2. **Drive** (edge protocol over h2c): assembles real 24 player games via the
invitation flow (`invitation.create``invitation.accept`, no robots), then runs
each player's turn loop — poll `game.state`, replay `game.history`, generate a legal
**mid-ranked** move with the embedded `scrabble-solver`, and `game.submit_play`
(or pass/exchange). A fraction of turns exercise nudge / chat / check-word / draft /
profile-update / stats. Each player also holds a live `Subscribe` stream.

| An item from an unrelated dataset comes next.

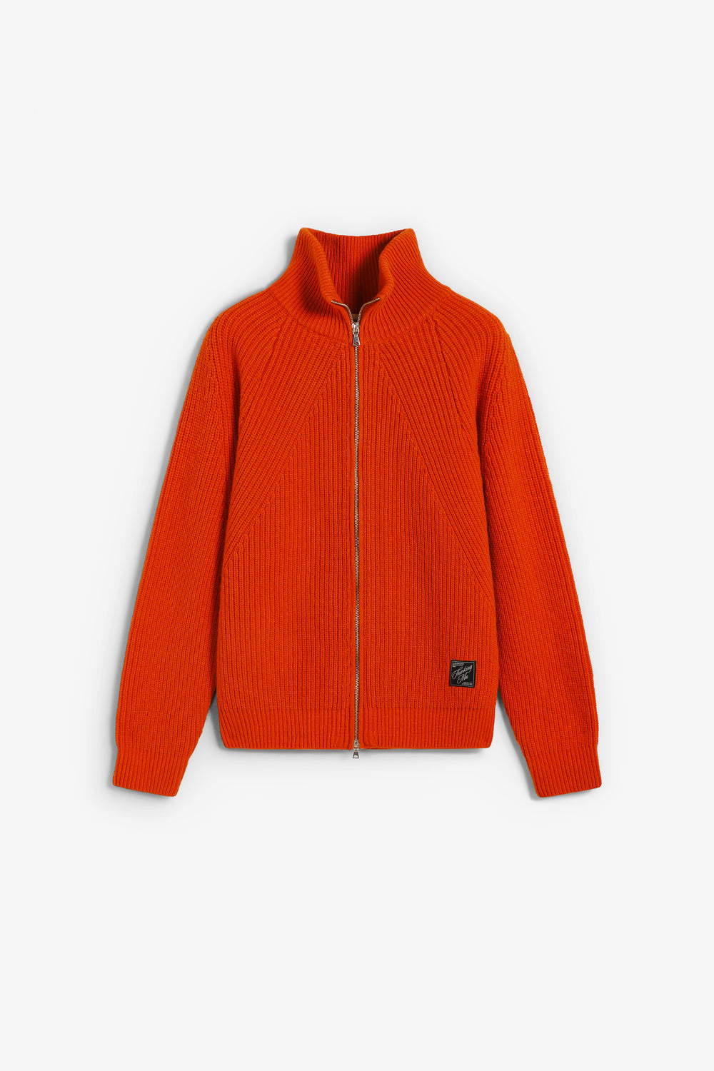 Jeresey Thinking Mu confeccionado en 100% lana. Presenta un cuello alto, mangas raglán largas, corte regular y cierre con cremallera.

The
moderate ramp is **50 → 200 → 500** concurrent players, ~12 min per step.
3. **Hammer**: drives `games.list` from one account far above the per-user rate limit
to verify the limiter holds (`rate_limited` results) and measure its cost.
4. **Report**: per-operation latency percentiles, throughput, result-code breakdown,
live-event tally and the aggregate error rate.
The driver runs the solver **locally** because the edge protocol carries no board: the
client reconstructs it from decoded history (the same invariant as the UI).
## Connection model
The harness reaches Postgres and the gateway directly, so run it as a one-shot
container on the contour's docker network (this bypasses the host→gateway hairpin):
```sh
# from the repo root
docker build -f loadtest/Dockerfile -t scrabble-loadtest .
docker run --rm --name scrabble-loadtest --network scrabble-internal \
-e POSTGRES_PASSWORD="$TEST_POSTGRES_PASSWORD" \
scrabble-loadtest run
```
Defaults assume the contour service names: `postgres:5432` and `gateway:8081`. The
DAWGs are baked into the image (`/opt/dawg`, pinned to the dictionary release). Run with
`--name scrabble-loadtest` so the harness's own CPU/memory show up as a `scrabble-*`
series in cAdvisor (keeping it separable from the system under test). Capture the
resource baseline from the Grafana **Scrabble — Resources** dashboard
(cAdvisor + postgres_exporter) while the run is in progress.
## Commands & flags
```
loadtest run [flags] seed, drive the ramp + hammer, print the report
loadtest cleanup [flags] delete everything the harness seeded (matched by the lt: marker)
```
Key `run` flags (env in parentheses):
| flag | default | meaning |
|------|---------|---------|
| `--gateway` (`LOADTEST_GATEWAY_URL`) | `http://gateway:8081` | gateway base URL |
| `--dsn` (`LOADTEST_DSN`) | from `POSTGRES_*` | backend Postgres DSN (schema `backend`) |
| `--dawg` (`LOADTEST_DAWG_DIR`) | `/dawg` (image: `/opt/dawg`) | committed `*.dawg` directory |
| `--durable` / `--guest` | `10000` / `1000` | accounts to seed |
| `--steps` | `50,200,500` | concurrent-player ramp steps |
| `--step-dur` | `12m` | hold time per step |
| `--games-per-player` | `0` (random 35) | target concurrent games per player |
| `--tick` | `800ms` | per-player op cadence (keeps a player under the per-user limit) |
| `--secondary-prob` | `0.08` | chance per tick of a non-move op |
| `--hammer-workers` / `--hammer-dur` | `20` / `15s` | gateway-hammer (0 workers disables) |
| `--reset` / `--cleanup` | `false` | delete harness rows before / after the run |
`run` re-seeds every time (plaintext tokens are never stored), so pass `--reset` to
clear a prior run's rows first. The authoritative hard reset of the contour remains the
DB wipe (`DROP SCHEMA backend CASCADE` + backend restart).
## Build & test
```sh
go build ./loadtest/...
go vet ./loadtest/...
BACKEND_DICT_DIR=../scrabble-solver/dawg go test -count=1 ./loadtest/...
```
The DAWG-backed `moves` test runs only when `BACKEND_DICT_DIR` is set (as the engine
tests use); the pure logic (hashing, board replay, rack build, move selection, report)
runs unconditionally.
## Caveat
The harness shares the host CPU with the contour, so the early-pass resource baseline
is read with the harness's own container series in mind; a cleaner number on separate
hardware is an R7 goal. The moderate ramp keeps the generator from being the bottleneck.